* _TASK DATA_:
● ● ● ●

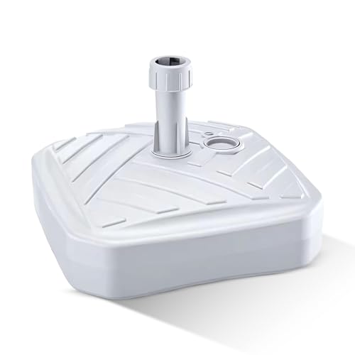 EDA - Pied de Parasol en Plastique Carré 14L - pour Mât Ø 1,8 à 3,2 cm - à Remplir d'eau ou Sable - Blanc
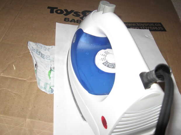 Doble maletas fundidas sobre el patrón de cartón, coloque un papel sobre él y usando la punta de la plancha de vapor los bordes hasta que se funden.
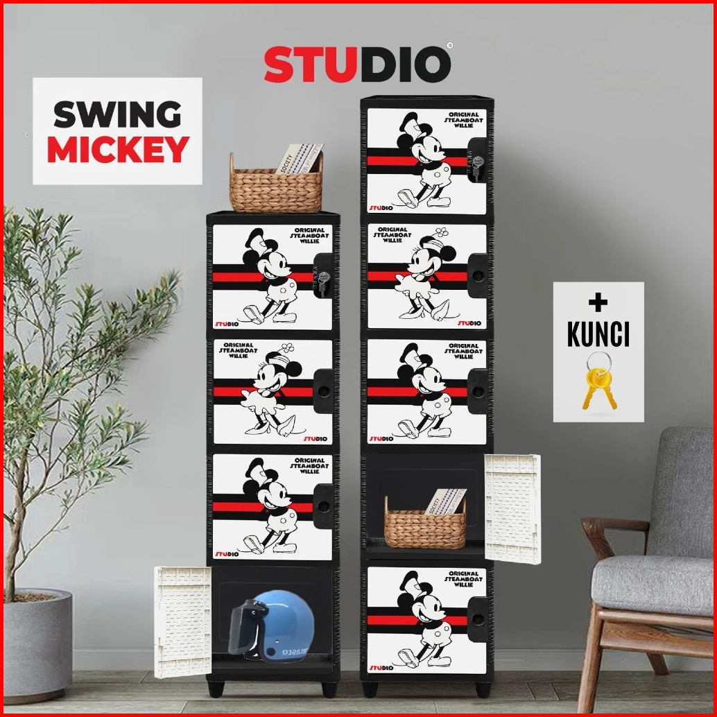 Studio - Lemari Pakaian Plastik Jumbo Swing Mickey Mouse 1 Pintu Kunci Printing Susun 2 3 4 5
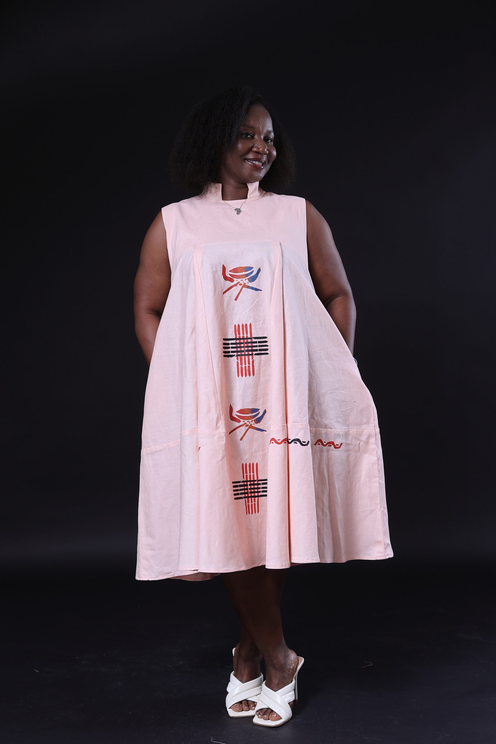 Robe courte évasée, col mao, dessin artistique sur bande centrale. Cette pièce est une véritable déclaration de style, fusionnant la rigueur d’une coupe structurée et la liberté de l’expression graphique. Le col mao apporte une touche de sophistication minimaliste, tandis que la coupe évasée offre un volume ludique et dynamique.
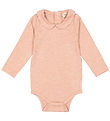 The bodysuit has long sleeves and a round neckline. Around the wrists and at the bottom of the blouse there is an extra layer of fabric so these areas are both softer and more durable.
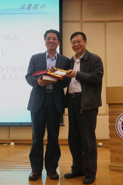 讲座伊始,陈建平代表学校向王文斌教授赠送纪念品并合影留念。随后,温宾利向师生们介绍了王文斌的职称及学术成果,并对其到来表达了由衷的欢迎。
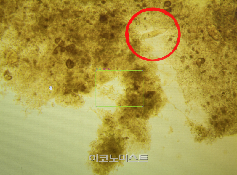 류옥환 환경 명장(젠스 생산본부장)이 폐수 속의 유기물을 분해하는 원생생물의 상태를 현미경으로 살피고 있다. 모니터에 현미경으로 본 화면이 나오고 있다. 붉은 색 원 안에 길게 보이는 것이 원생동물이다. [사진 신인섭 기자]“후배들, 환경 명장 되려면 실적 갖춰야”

● ● ● ●

* _WHAT YOU HAVE TO DO_:
Repeat the data exactly. No pictures should appear.

* _ANSWER_:
 EDA - Pied de Parasol en Plastique Carré 14L - pour Mât Ø 1,8 à 3,2 cm - à Remplir d'eau ou Sable - Blanc
 Doble maletas fundidas sobre el patrón de cartón, coloque un papel sobre él y usando la punta de la plancha de vapor los bordes hasta que se funden.
 Studio - Lemari Pakaian Plastik Jumbo Swing Mickey Mouse 1 Pintu Kunci Printing Susun 2 3 4 5
 Robe courte évasée, col mao, dessin artistique sur bande centrale. Cette pièce est une véritable déclaration de style, fusionnant la rigueur d’une coupe structurée et la liberté de l’expression graphique. Le col mao apporte une touche de sophistication minimaliste, tandis que la coupe évasée offre un volume ludique et dynamique.
 The bodysuit has long sleeves and a round neckline. Around the wrists and at the bottom of the blouse there is an extra layer of fabric so these areas are both softer and more durable.
 讲座伊始,陈建平代表学校向王文斌教授赠送纪念品并合影留念。随后,温宾利向师生们介绍了王文斌的职称及学术成果,并对其到来表达了由衷的欢迎。
 류옥환 환경 명장(젠스 생산본부장)이 폐수 속의 유기물을 분해하는 원생생물의 상태를 현미경으로 살피고 있다. 모니터에 현미경으로 본 화면이 나오고 있다. 붉은 색 원 안에 길게 보이는 것이 원생동물이다. [사진 신인섭 기자]“후배들, 환경 명장 되려면 실적 갖춰야”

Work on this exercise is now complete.